Amazon signifies a very important icon in the new virtual world. Specifically, Amazon’s pioneering of customer reviews and recommendations has answered a problem consumers were having, namely how to effectively manage through the clutter of choices. Reviews help to simply our world as we move from the Informational Era to the Recommendations Era.

So turning back to my question about applying insights gained from the “Long Tail” to the financial industry, I’d like to suggest three recommendations to the financial community:

First, brokerages and banks will continue to fail, merge and bleed assets. However, this doesn’t mean that investors taste for specialized funds will diminish. In fact, investors will increasingly be searching for tailored boutique investments.
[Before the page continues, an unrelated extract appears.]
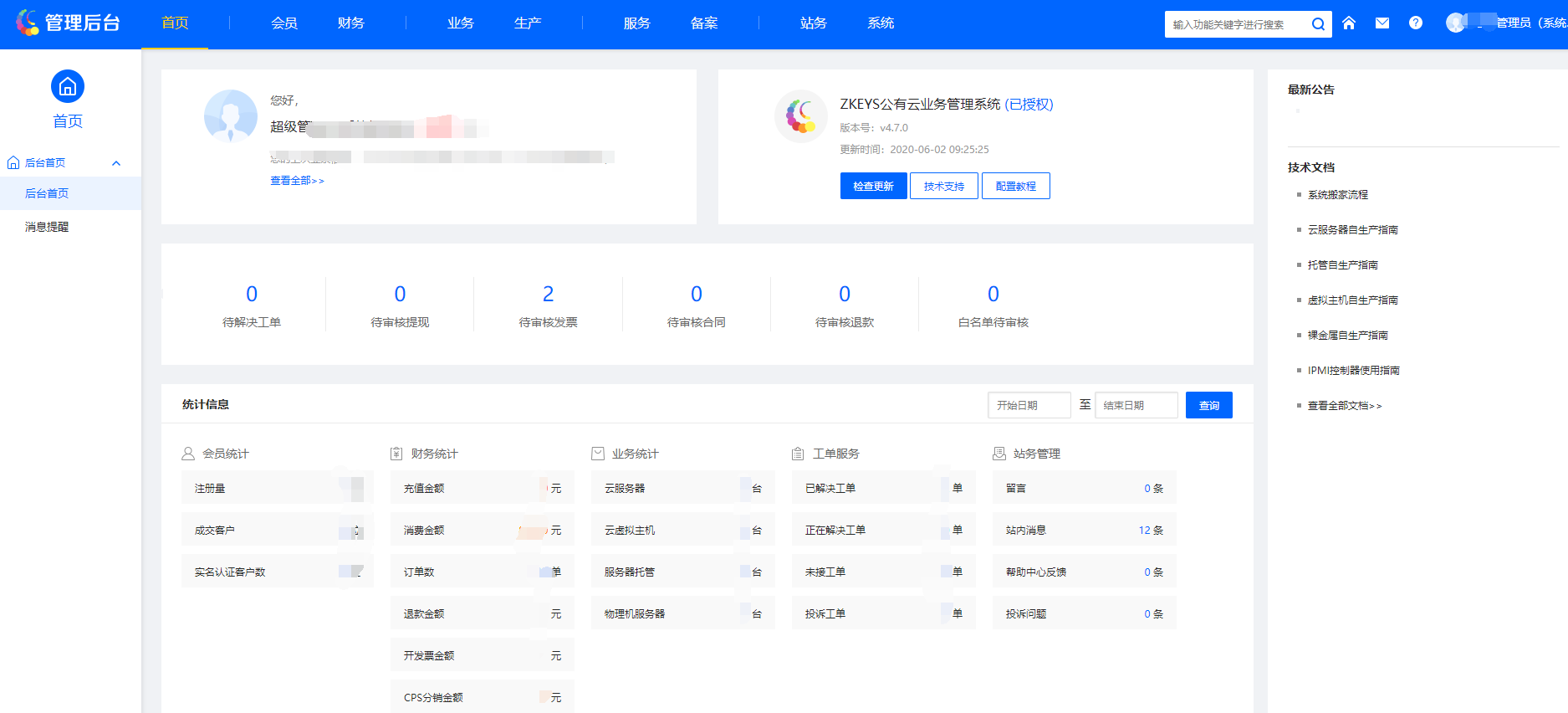 ZKEY公有云管理系统可以管理包括计算、网络、存储等资源,功能模块涵盖云服务器、虚拟主机、托管等业务等,支持一键安装Linux及Windows等多种环境,然后系统集成了完善的财务系统、工单系统、备案系统、会员系统、业务系统等板块,有本地资源自生产和API的功能。

Investors will continue to demand specialized products similar to their beliefs, values, interests and risk levels. As investors have access to more information, successful investment firms will recognize this need and provide niche products and services.

So, investment mangers should continue to start hedge funds and specialty boutique firms—regardless of the financial environment.

Second, investment firms are missing the boat and avoiding the new consumer culture. Consumers are moving from the Informational Era to the Recommendations Era. It’s about time financial firms begin to give investors want they want: chat rooms, investment forums, access to portfolio managers, and recommendation lists.

Third, forward-thinking investment firms should partner with, utilize, borrow from other successful Long Tail thinkers like Google, Amazon and eBay. How great would it be to have a recommended funds list based on my personal profile. 

The Long Tail is in full force everywhere, including the investment industry. I am even more convinced of this fact after reading Anderson’s book. I look forward to reading Anderson’s next book titled Free.